## Exercise objective:
For each entry below, write an exact copy and leave out the images.

----- Supplied records -----

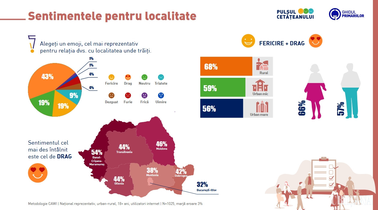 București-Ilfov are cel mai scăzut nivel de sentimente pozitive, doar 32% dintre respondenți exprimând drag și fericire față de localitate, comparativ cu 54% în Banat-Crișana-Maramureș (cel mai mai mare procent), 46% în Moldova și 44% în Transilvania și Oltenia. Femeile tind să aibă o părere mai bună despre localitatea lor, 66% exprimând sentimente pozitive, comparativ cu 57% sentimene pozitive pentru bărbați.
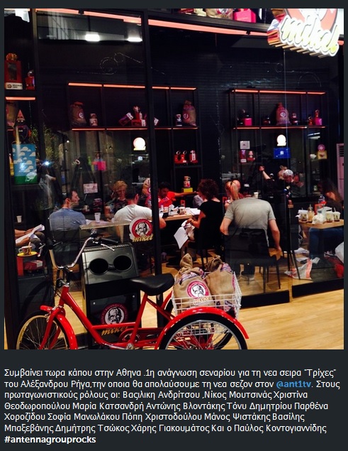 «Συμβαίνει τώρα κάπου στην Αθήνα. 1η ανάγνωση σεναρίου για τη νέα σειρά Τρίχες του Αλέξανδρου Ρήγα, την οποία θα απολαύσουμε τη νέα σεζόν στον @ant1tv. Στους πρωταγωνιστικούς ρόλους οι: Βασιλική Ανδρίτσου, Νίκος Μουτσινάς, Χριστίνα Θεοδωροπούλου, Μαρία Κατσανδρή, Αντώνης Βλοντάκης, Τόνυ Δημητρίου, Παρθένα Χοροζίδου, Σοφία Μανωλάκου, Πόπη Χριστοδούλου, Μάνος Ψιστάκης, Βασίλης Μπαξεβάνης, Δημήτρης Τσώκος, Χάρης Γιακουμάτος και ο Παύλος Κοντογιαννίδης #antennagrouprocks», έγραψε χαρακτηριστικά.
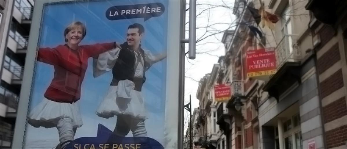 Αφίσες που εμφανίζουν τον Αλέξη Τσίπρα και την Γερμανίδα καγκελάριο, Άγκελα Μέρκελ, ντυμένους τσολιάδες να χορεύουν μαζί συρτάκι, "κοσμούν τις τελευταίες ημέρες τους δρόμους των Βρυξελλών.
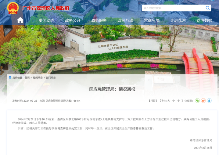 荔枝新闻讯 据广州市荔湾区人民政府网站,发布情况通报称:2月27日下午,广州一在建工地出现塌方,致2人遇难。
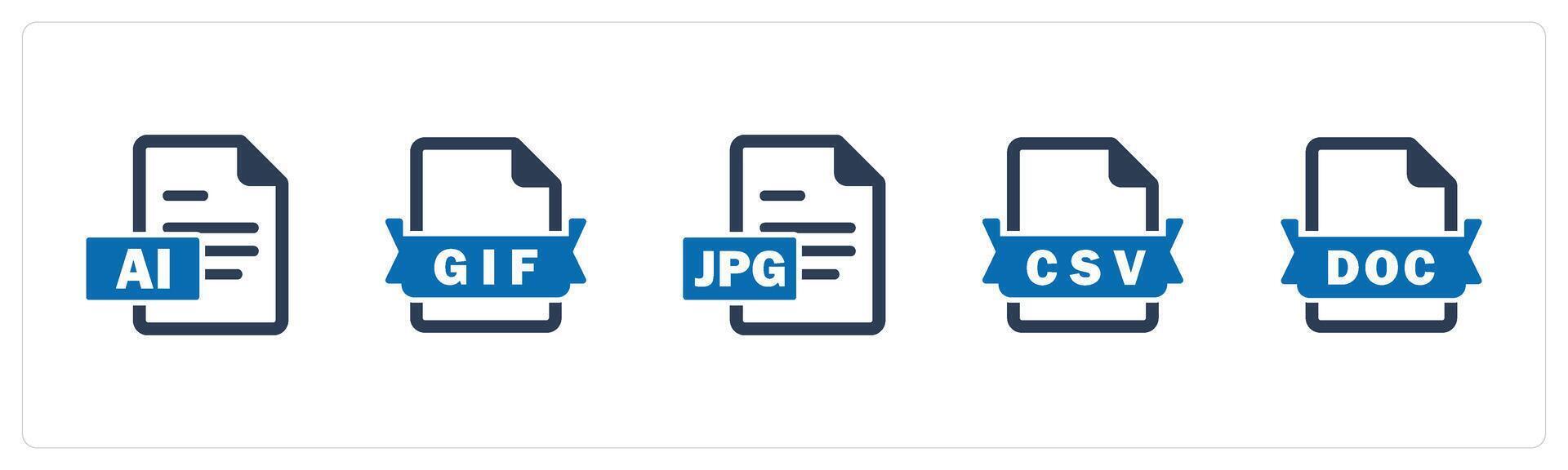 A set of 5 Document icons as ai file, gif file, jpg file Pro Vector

-----

## Response area:
 București-Ilfov are cel mai scăzut nivel de sentimente pozitive, doar 32% dintre respondenți exprimând drag și fericire față de localitate, comparativ cu 54% în Banat-Crișana-Maramureș (cel mai mai mare procent), 46% în Moldova și 44% în Transilvania și Oltenia. Femeile tind să aibă o părere mai bună despre localitatea lor, 66% exprimând sentimente pozitive, comparativ cu 57% sentimene pozitive pentru bărbați.
 «Συμβαίνει τώρα κάπου στην Αθήνα. 1η ανάγνωση σεναρίου για τη νέα σειρά Τρίχες του Αλέξανδρου Ρήγα, την οποία θα απολαύσουμε τη νέα σεζόν στον @ant1tv. Στους πρωταγωνιστικούς ρόλους οι: Βασιλική Ανδρίτσου, Νίκος Μουτσινάς, Χριστίνα Θεοδωροπούλου, Μαρία Κατσανδρή, Αντώνης Βλοντάκης, Τόνυ Δημητρίου, Παρθένα Χοροζίδου, Σοφία Μανωλάκου, Πόπη Χριστοδούλου, Μάνος Ψιστάκης, Βασίλης Μπαξεβάνης, Δημήτρης Τσώκος, Χάρης Γιακουμάτος και ο Παύλος Κοντογιαννίδης #antennagrouprocks», έγραψε χαρακτηριστικά.
 Αφίσες που εμφανίζουν τον Αλέξη Τσίπρα και την Γερμανίδα καγκελάριο, Άγκελα Μέρκελ, ντυμένους τσολιάδες να χορεύουν μαζί συρτάκι, "κοσμούν τις τελευταίες ημέρες τους δρόμους των Βρυξελλών.
 荔枝新闻讯 据广州市荔湾区人民政府网站,发布情况通报称:2月27日下午,广州一在建工地出现塌方,致2人遇难。
 A set of 5 Document icons as ai file, gif file, jpg file Pro Vector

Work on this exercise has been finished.